After his stellar driving career, in which he won 50 races, Johnson became an owner. Over the course of nearly three decades his team won 132 races. Six NASCAR championships were earned by his drivers Cale Yarborough and Darrell Waltrip.
The last time he fielded a car in NASCAR was in 1995. He said it was time to go and, in his words, “I never looked back.”
He didn’t – but he’s sure looked ahead.
Junior will run Junior Johnson Racing from shops on his 278-acre estate in Hamptonville, N.C. Cars built there will be raced by Robert on the full K&N Pro Series East schedule, with other competition planned for the United Auto Racing Association and Whelen All-American Series late model stocks.
When it comes to Robert and racing this is not Junior’s first enterprise.
Robert has been racing since he was 14, the same age at which Junior began hauling moonshine along the dark country roads in the North Carolina foothills and beyond.
Ever since, Junior has been nurturing his son’s career. There was evidence of Robert’s skill after he won five races in his rookie season.
Last year, Robert competed on the full UARA schedule and in a handful of Whelen events out of the JKS Motorsports shops in Lexington, N.C. – with his father’s hand at the helm. He finished fourth in the final UARA point standings.
Robert is a junior at Forsyth Country Day school in Lewisville, N.C., and the proud owner of a Mercedes – at least at the last time I heard. He might presently be tooling around in something different.
Junior’s son is somewhat of a Renaissance Man. He is smart, athletic and alert. He has vast knowledge of everything from cars to flying to computers and probably other things of which I don’t know.
He plans to attend Duke University, which should tell you plenty about him. But I suspect his college education might go on hold if he’s successful in racing.
However, I wouldn’t be surprised if Junior told his son that, while racing is good, a degree from Duke is better.
Still it seems only natural that Junior would do anything possible to nurture his son’s career in racing. After all, Junior was a successful racer himself and why wouldn’t he fan the spark he sees in Robert?
Other fathers, with names like Petty, Earnhardt, Allison, Baker, Marlin and Ragan – among many others – have done the very same thing.
Junior, now 79, married his wife Lisa and had children at an older age.
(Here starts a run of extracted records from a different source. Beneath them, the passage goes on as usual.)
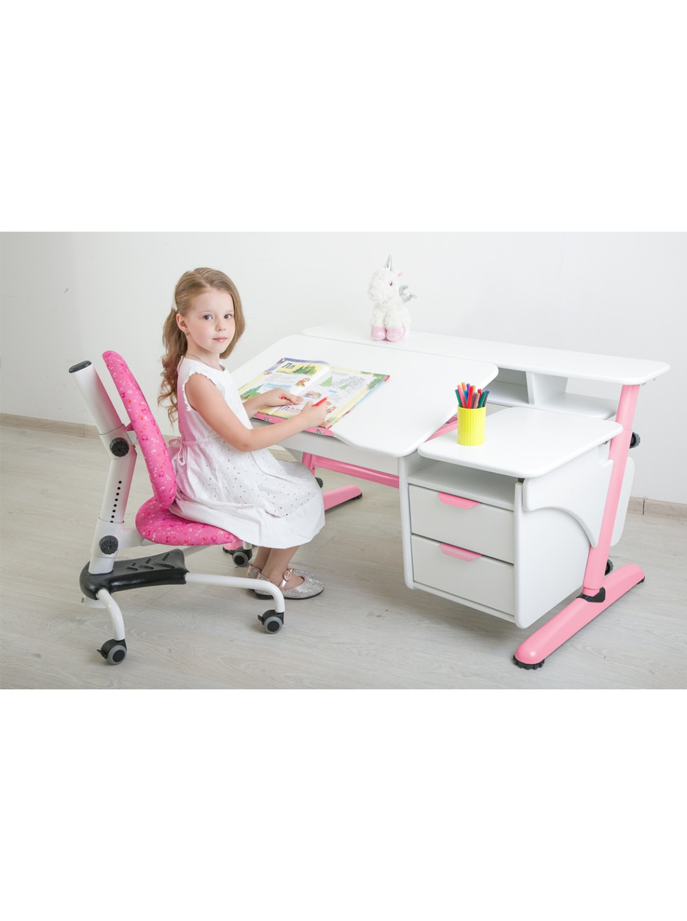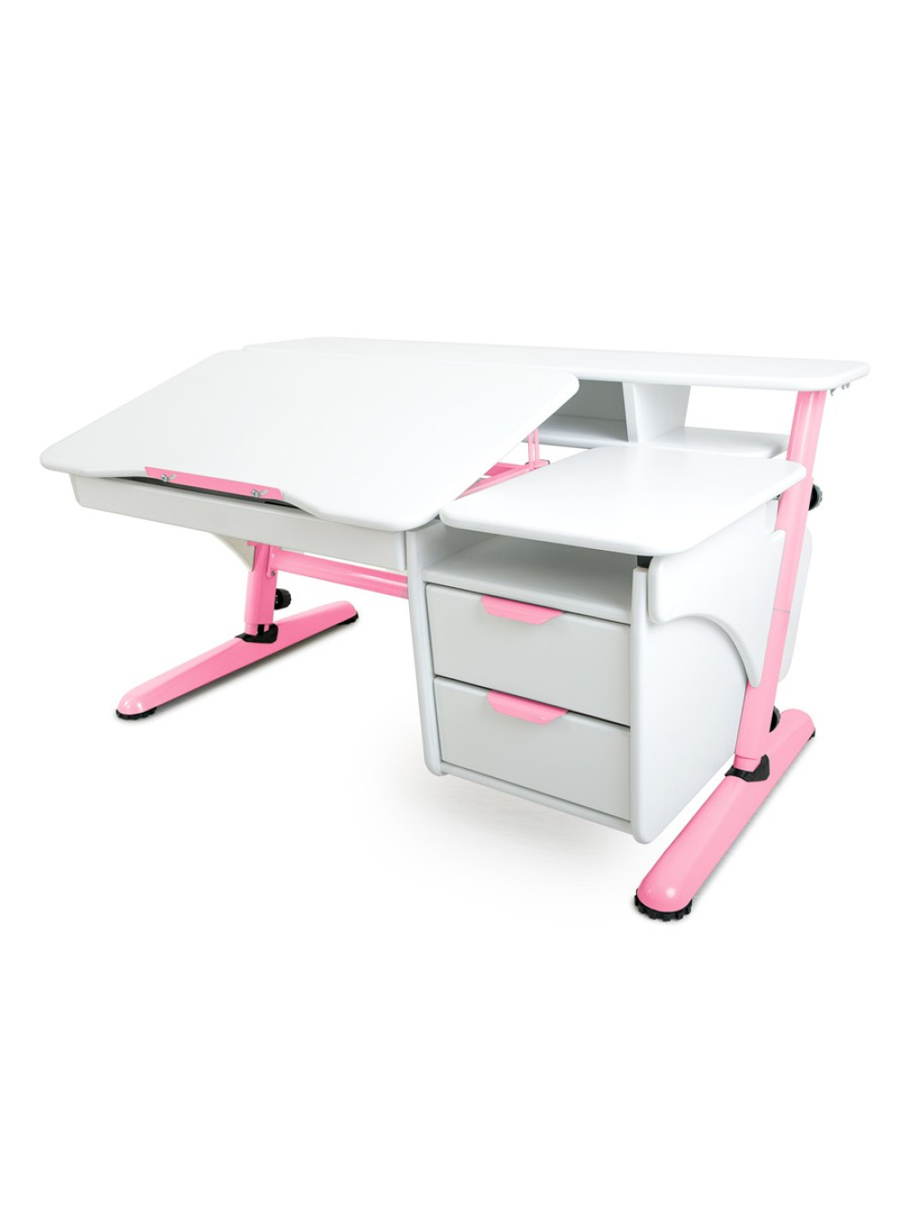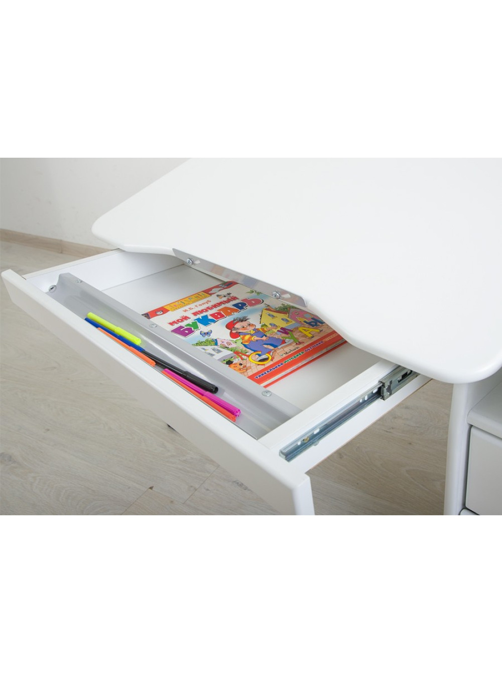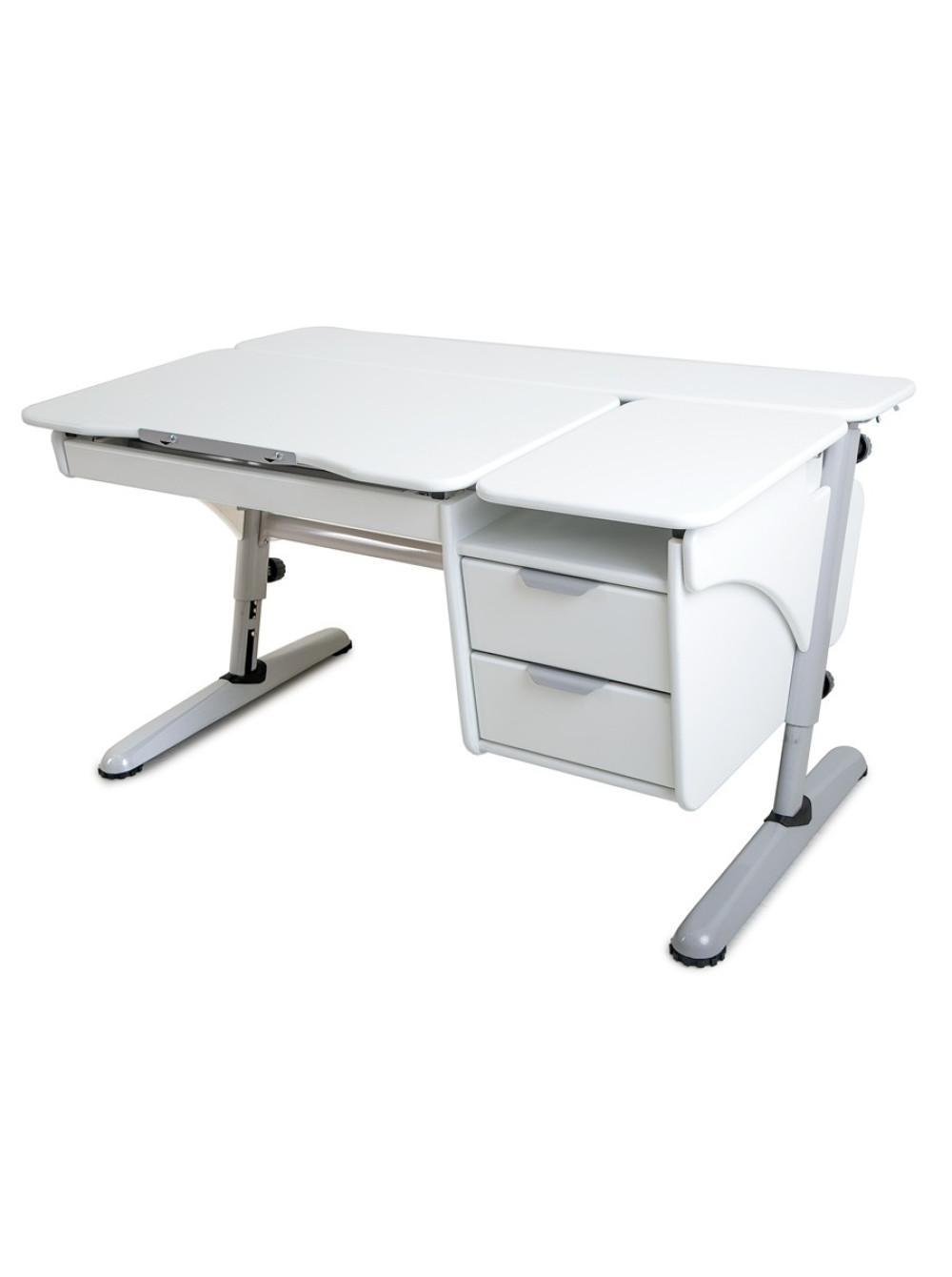 Стільниця може міняти кут нахилу від горизонтального положення до тридцяти градусів. Для комфорту і безпеки дитини передбачений механізм плавного підйому. Також конструкція доповнена навісною тумбою з двома ящиками для шкільного приладдя і додатковою полицею.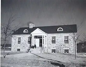 In 1937 a race riot occurred which caused police to become more heavily armed. Despite this setback, the government approved the building of the Negro Community Center in 1938, and Black stonemasons and carpenters began building in 1940. The land where the center would be constructed was purchased by the Town of Chapel Hill on September 8, 1939. It was deeded to the town on July 29, 1940, on the condition that it be used as a community center for black people. The original construction of the center was supported by a $16,000 grant from the Works Progress Administration, a New Deal agency. After determining that the WPA funds would be just enough to cover basic construction costs, over 400 local residents made donations to supplement the grant and provide additional funds to complete the project.[6][7] Original plans for the center included a nursery for working mothers, kitchen, woodworking shop, event hall, club rooms, a headquarters for a local nurse, and showers that were to be open to all in the community. Construction officially began on January 9, 1941.[5]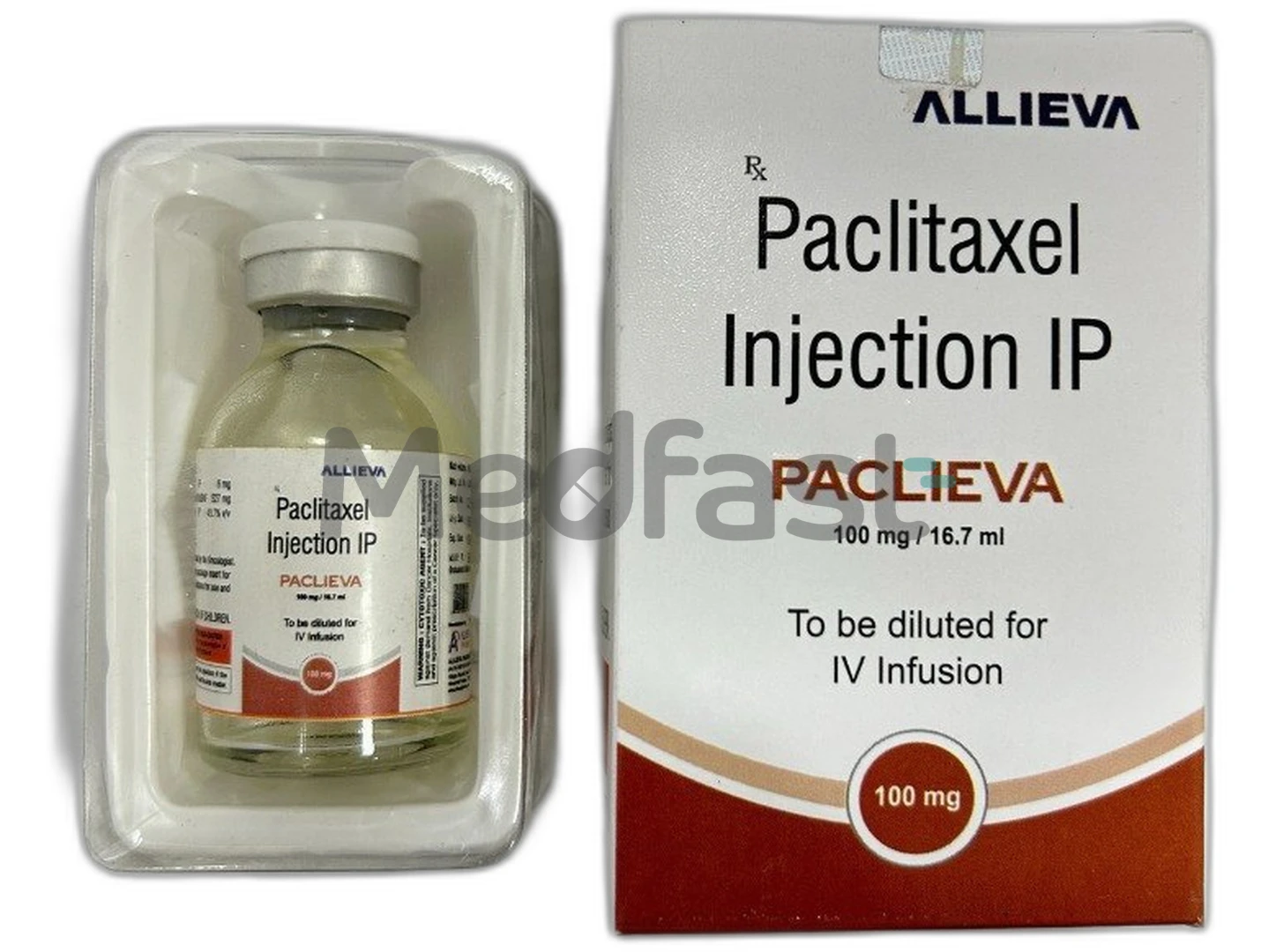 Paclieva 100mg Injection is a chemotherapy drug that contains the active ingredient paclitaxel. It is utilized for the treatment of breast cancer, non-small cell lung cancer, ovarian cancer, and Kaposi’s sarcoma associated with AIDS (Acquired Immuno-Deficiency Syndrome). Cancer is characterized by the rapid and uncontrolled division and growth of cells. This medication is not advised for adolescents and children under 18 years of age.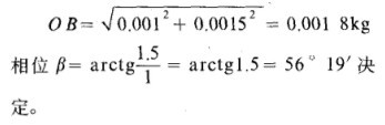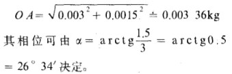 平面i上的0.003kg和0.001 5kg的平衡質(zhì)量間隔90度而且都在同一圓周上,它們的合成質(zhì)量可應(yīng)用平行四邊形法求得為: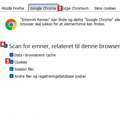 I toppen af vinduet kan du vælge indstillinger for hver af dine browsere – fx Chrome 3. Vælg, om du vil slette alle gemte data 4, eller fx vil bevare cookies 5. Klik på OK.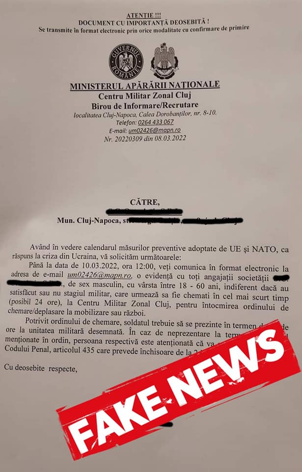 Vă semnalăm noi tentative de răspândire de documente și informații false în legătură cu așa-zise demersuri ale MApN pentru pregătirea mobilizării rezerviștilor. Documentele din imagini, care au fost distribuite în municipiile Cluj-Napoca și Brașov, reprezintă falsuri. În legătură cu acestea, au fost sesizate autoritățile judiciare. Precizăm cât se poate de clar că Ministerul Apărării Naționale […]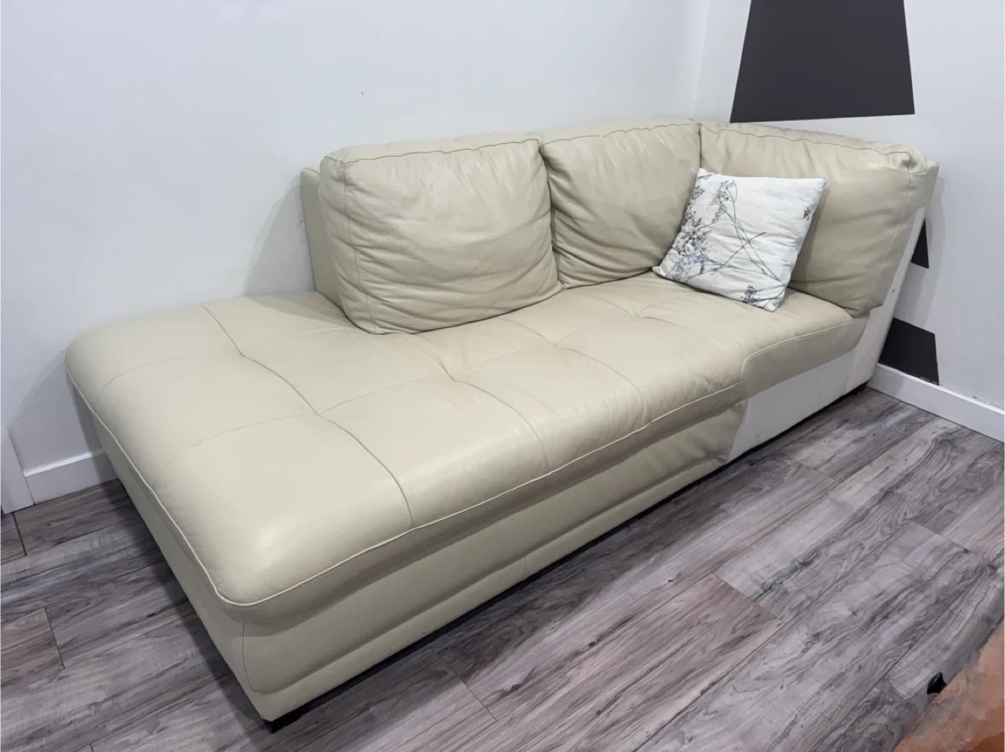 Cream leather chaise lounge sofa with tufted seat cushions. Comes with a decorative throw pillow. Measures approximately 70 inches in length.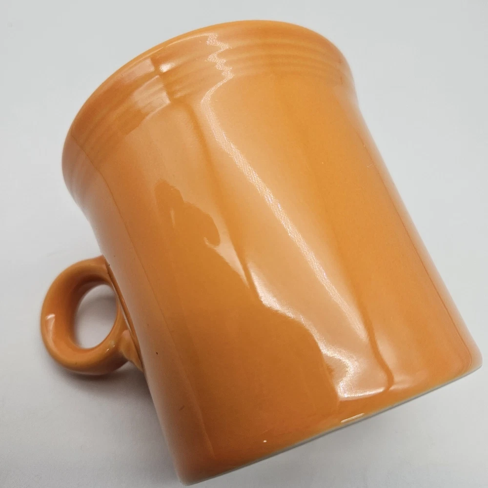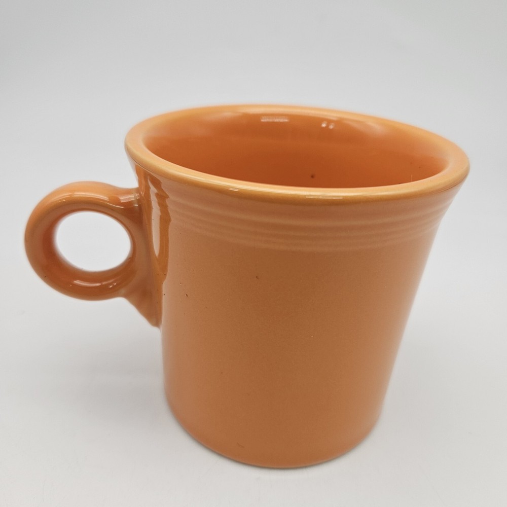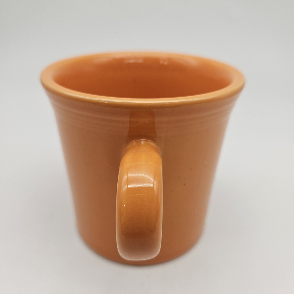 Vintage Fiesta mug in tangerine orange. It has a Tom and Jerry style handle. No chips, cracks, or crazing. Nicely glazed. 3 1/2 inches tall, 3 1/2 inches in diameter, 4 3/4 inches from rim to handle, and 14 ounces in weight. Great mid century modern mug!

I suspect that as such, his kids – Meredith is Robert’s sister – mean a great deal to him. He wants only the best for them, as any father should, and he and Lisa have done all they could to provide for their needs and to help them realize their dreams.
Yes, Robert and Meredith have it far better than most kids. But that certainly does not assure their personal success and happiness.
When it comes to Robert, if Junior can assist in both by guiding him into a fruitful career in NASCAR, that is exactly what he’s now doing.
Simply put, he’s trying to be a good father.
He will continue to be even if Robert’s career path leads somewhere other than stock car racing.